893.00/15203
The Ambassador in China (Gauss) to the Secretary of State
[Received December 10.]
Sir: Referring to the Embassy’s despatch No. 1764 of November 2, 1943, in regard to the military strength of the Chinese Communists, I have the honor to enclose a copy of a report dated November 16, 1943,95 prepared by the Military Attaché in regard to the armed forces of the Chinese Communists.
Summary: Recent transfers of Central Government troops to the Northwest (Embassy’s despatch No. 1807 of November 1296) appear to be directly associated with the problem of Kuomintang-Communist relations and can be interpreted as strong evidence that the Central Government does not intend to rely upon “political means” alone as a solution of this problem.
Information regarding the Chinese Communist forces is, therefore, of importance. These forces are divided into three categories: regular military forces, guerrilla forces and local militia. Regular military forces consist of the 18th Group Army under General Chu Teh and the New Fourth Army under General Chen Yi, together with two independent groups, one in Kwangtung and the other on Hainan Island. Although the 18th Group Army is supposed to be composed of three divisions numbering about 30,000 men, it is reported actually to number 320,000. Its headquarters are at Yenan, the capital of the Shensi–Kansu–Ninghsia Border Region, the most important of the twelve “regions” north of the Lunghai Railway garrisoned by the 18th Group Army in north China. The New Fourth Army, which ceased officially to exist after its disbandment by the Central Government in 1941, is said to have a strength of 120,000 men in seven divisions and to be better equipped than the 18th Group Army due to its greater activity against the Japanese and the puppets and the consequent capture of matériel from those sources. The New Fourth Army has its headquarters at Yiencheng, Kiangsu, and operates in central and eastern [Page 383] China south of the Lunghai Railway. The Chinese Communists claim to have a navy composed of hundreds of sampans and junks along the Kiangsu coast serving in transportation of supplies. Communists claim a total guerrilla force of 1,000,000 men but it is not believed that the figure exceeds 400,000. Local militia units, said by the Communists to number 1,000,000 men, are estimated at approximately 600,000.
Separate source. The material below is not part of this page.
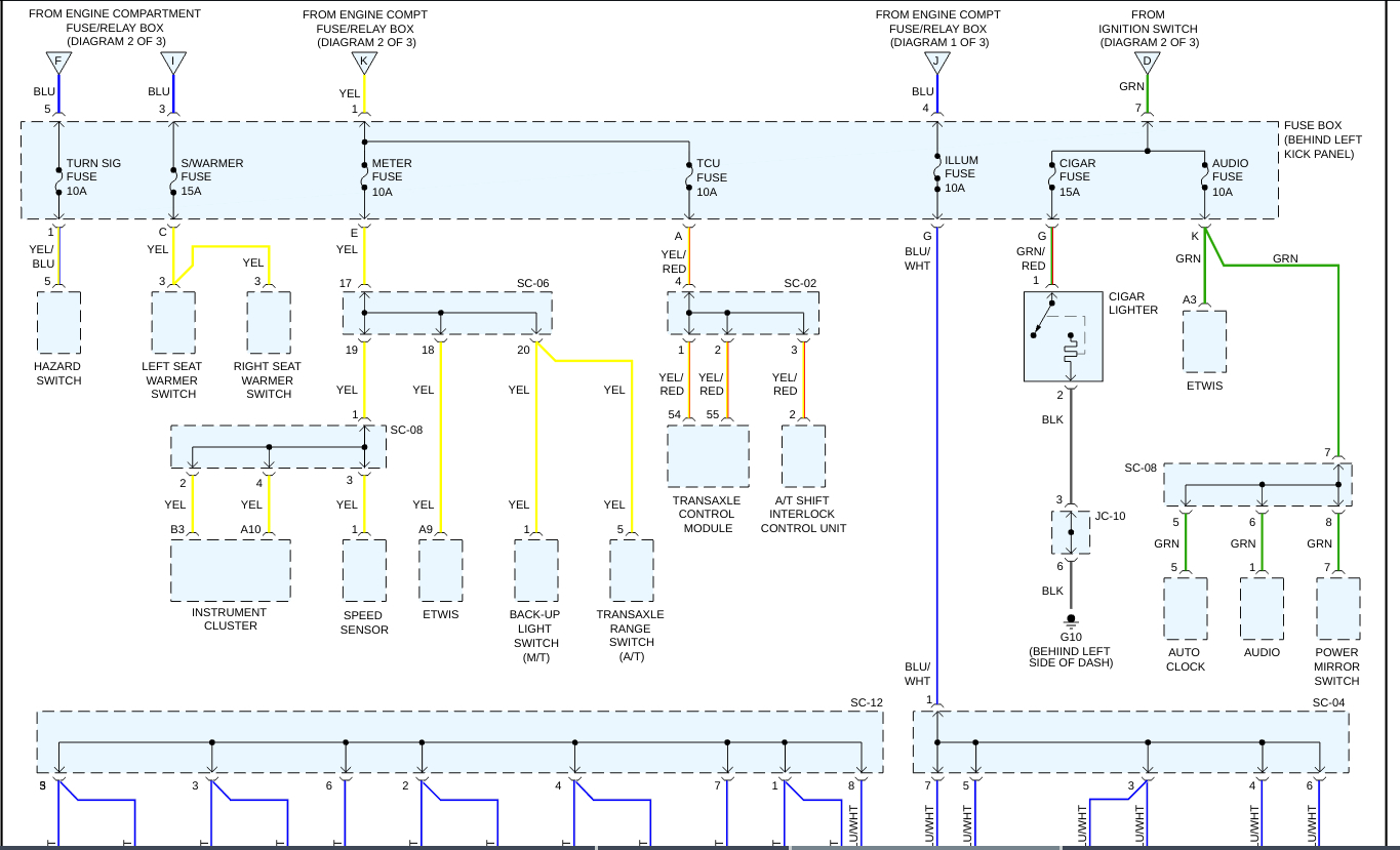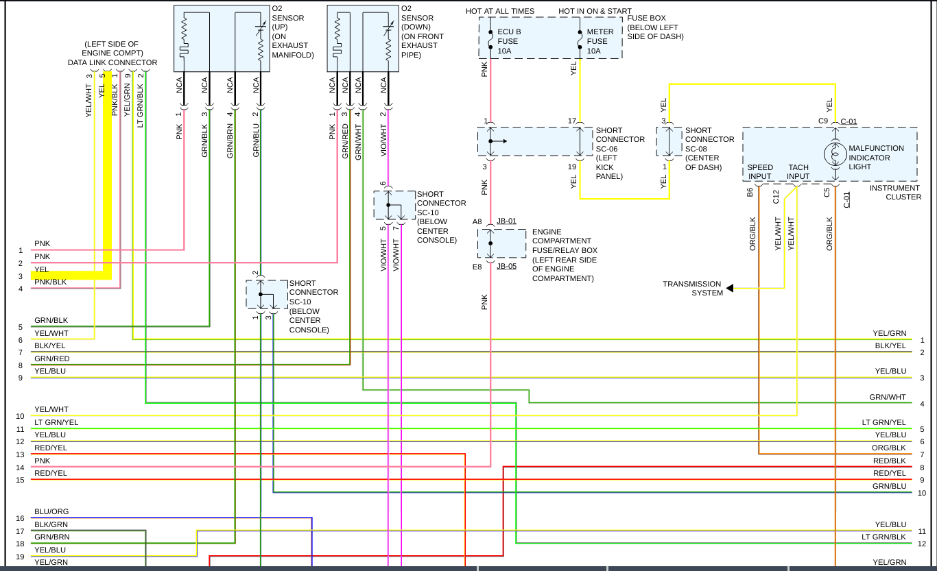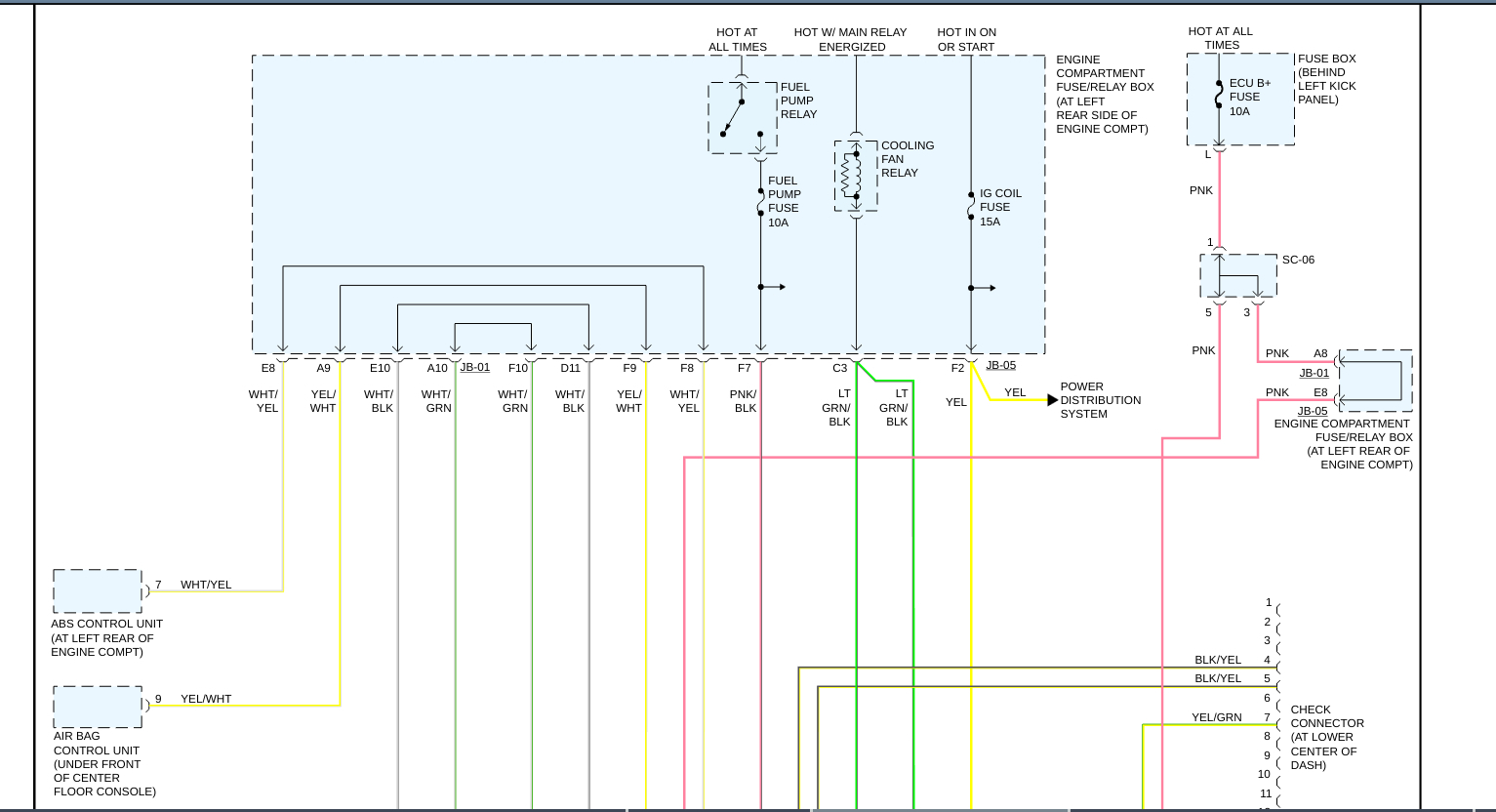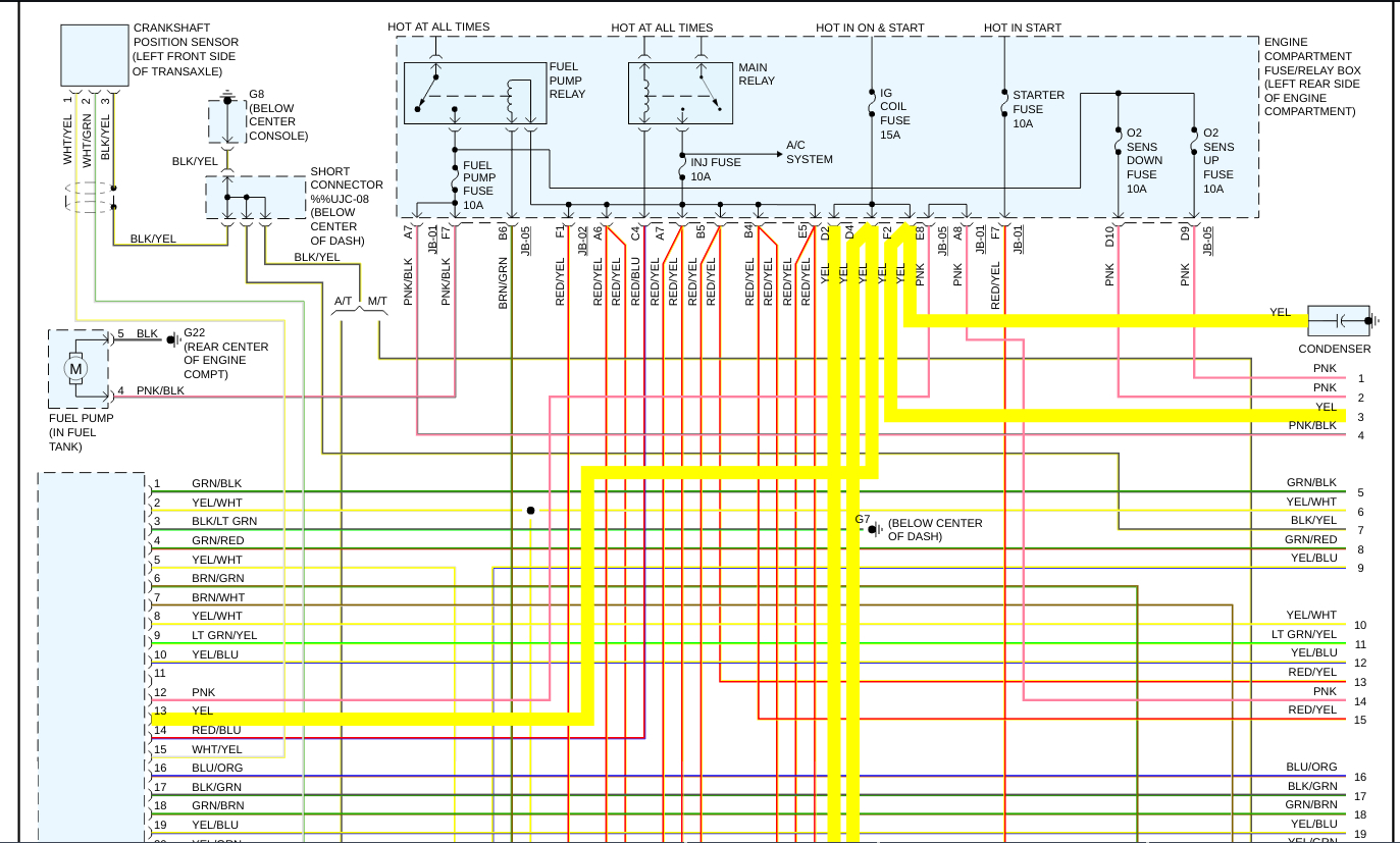 Okay, so the reason that your vehicles 15 Amp Ignition Fuse blew was because you have an intermittent short to ground in the circuit[s] that it is protecting. This happens because of Ohm's Law, the law that govern the electricity in your vehicle. Ohm's law states that one of the three properties is constant[Voltage-Automotive voltage is a constant[battery voltage]] and one of the other two goes down[Resistance-with a short to ground the resistance goes to zero as the currant/amperage has a direct path to the battery negative terminal], than the last property[Amperage/Current goes to the battery Amperage rating] must go up proportionally. The Amps exceed the fuses amperage rating, and "POP", the fuse blows, just as it was intended to, saving the component or an electrical fire, or both. In the diagrams down below I have included your vehicle's engine management wiring diagrams as well as a guide on how to find short to grounds in an automotive electrical circuit. You will need to use a Digital Multi-meter[DMM] to do this, so here is a link to a guide explaining how to do it, if needed, below:

As a composite military force the Chinese Communists are not capable of much, if any, offensive action as their regular units, while well trained and well led, are very poorly armed. The principal arm is the rifle, supplemented by some few automatic rifles, some machine guns, not much artillery (and still less ammunition), no tanks, no planes and a small number of almost worn out trucks. Their strength lies in guerrilla activity.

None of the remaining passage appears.